Repeat the listing that follows, character for character, minus the pictures.

■ RECORDED INFORMATION
--

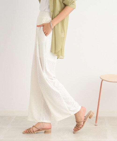 【デザイン】 レースが目を引くワイドイージーパンツです! 後ろがウエストゴム仕様になっているので楽チンでストレスなく着用していただけます。 総レース柄でコーデのアクセントにピッタリな1枚に仕上がっています。 ※ポケット数:前×2 【素材】 伸縮性のあるレース素材を使用しています。 ショート丈裏地あり。 ※こちらの商品はやや透け感があるため、インナーの着用をおすすめします。 #CutieBlonde#Cutie#cutieblonde#cutie#キューティブロンド#キューティ#20代#30代 モデル情報:身長166cm 着用サイズ:00(FREE) 店舗へのお問い合わせ商品番号:256-66010 ●製品寸法: 00(FREE):W62~70cm H86cm 股下67cm 前股上30cm 渡り幅31cm 裾幅27cm 備考:
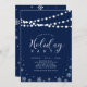 Celebra la temporada con esta moderna invitación de fiesta. Este diseño presenta elegantes luces de cuerda, copos de nieve y tipografía "FIESTA de Navidades" en azul marino y blanco. Se puede personalizar el texto y los colores de fondo. Un gran diseño para una moda Navidad moderno fiesta de vacaciones o fiesta de negocios de empresa.
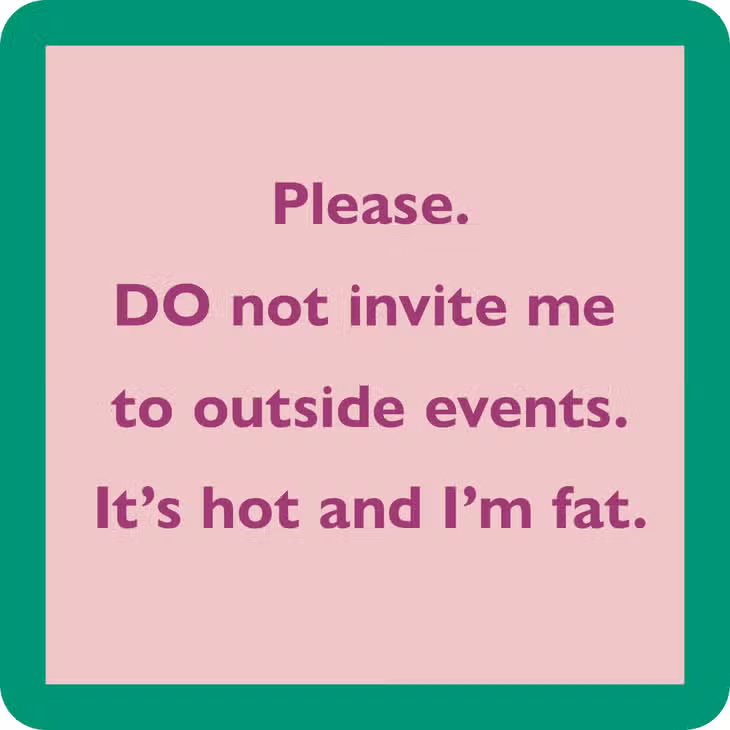 - "Please. DO not invite me to outside events. It's hot and I'm fat"
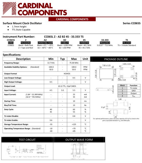 更多>>卡迪納爾進(jìn)口晶振,CC065S貼片有源晶振,CC065LZ-A2B245-16.000TS晶振
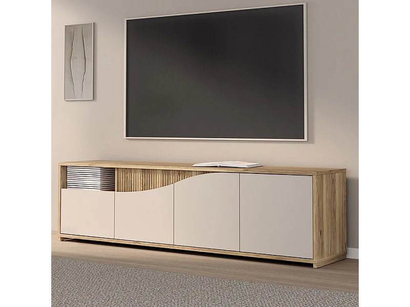 Meuble TV 204 cm décor tasseaux bois et sable avec vagues - RIVAGE
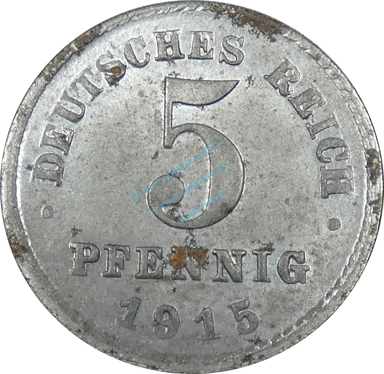 5 Pfennig Kursmünze -Reichsadler- 1915 D -deutsches Kaiserreich- s-ss J.297 -0900-
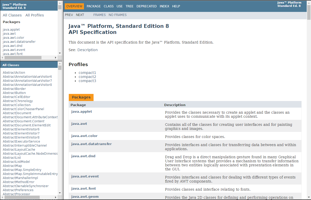 우선 API를 다운로드해야 합니다, JDK 8 API를 사용합니다.
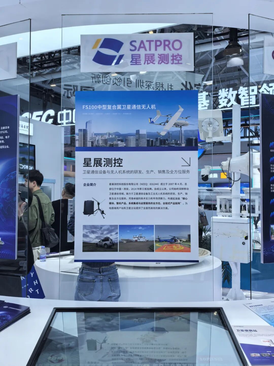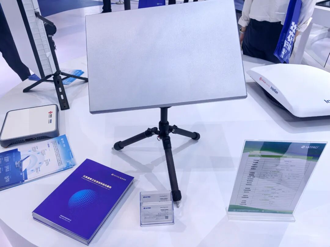 现场,星展测控现场展示自主研发的平板便携站与机载卫星天线。

--

■ SOLVED EXERCISE
 【デザイン】 レースが目を引くワイドイージーパンツです! 後ろがウエストゴム仕様になっているので楽チンでストレスなく着用していただけます。 総レース柄でコーデのアクセントにピッタリな1枚に仕上がっています。 ※ポケット数:前×2 【素材】 伸縮性のあるレース素材を使用しています。 ショート丈裏地あり。 ※こちらの商品はやや透け感があるため、インナーの着用をおすすめします。 #CutieBlonde#Cutie#cutieblonde#cutie#キューティブロンド#キューティ#20代#30代 モデル情報:身長166cm 着用サイズ:00(FREE) 店舗へのお問い合わせ商品番号:256-66010 ●製品寸法: 00(FREE):W62~70cm H86cm 股下67cm 前股上30cm 渡り幅31cm 裾幅27cm 備考:
 Celebra la temporada con esta moderna invitación de fiesta. Este diseño presenta elegantes luces de cuerda, copos de nieve y tipografía "FIESTA de Navidades" en azul marino y blanco. Se puede personalizar el texto y los colores de fondo. Un gran diseño para una moda Navidad moderno fiesta de vacaciones o fiesta de negocios de empresa.
 - "Please. DO not invite me to outside events. It's hot and I'm fat"
 更多>>卡迪納爾進(jìn)口晶振,CC065S貼片有源晶振,CC065LZ-A2B245-16.000TS晶振
 Meuble TV 204 cm décor tasseaux bois et sable avec vagues - RIVAGE
 5 Pfennig Kursmünze -Reichsadler- 1915 D -deutsches Kaiserreich- s-ss J.297 -0900-
 우선 API를 다운로드해야 합니다, JDK 8 API를 사용합니다.
 现场,星展测控现场展示自主研发的平板便携站与机载卫星天线。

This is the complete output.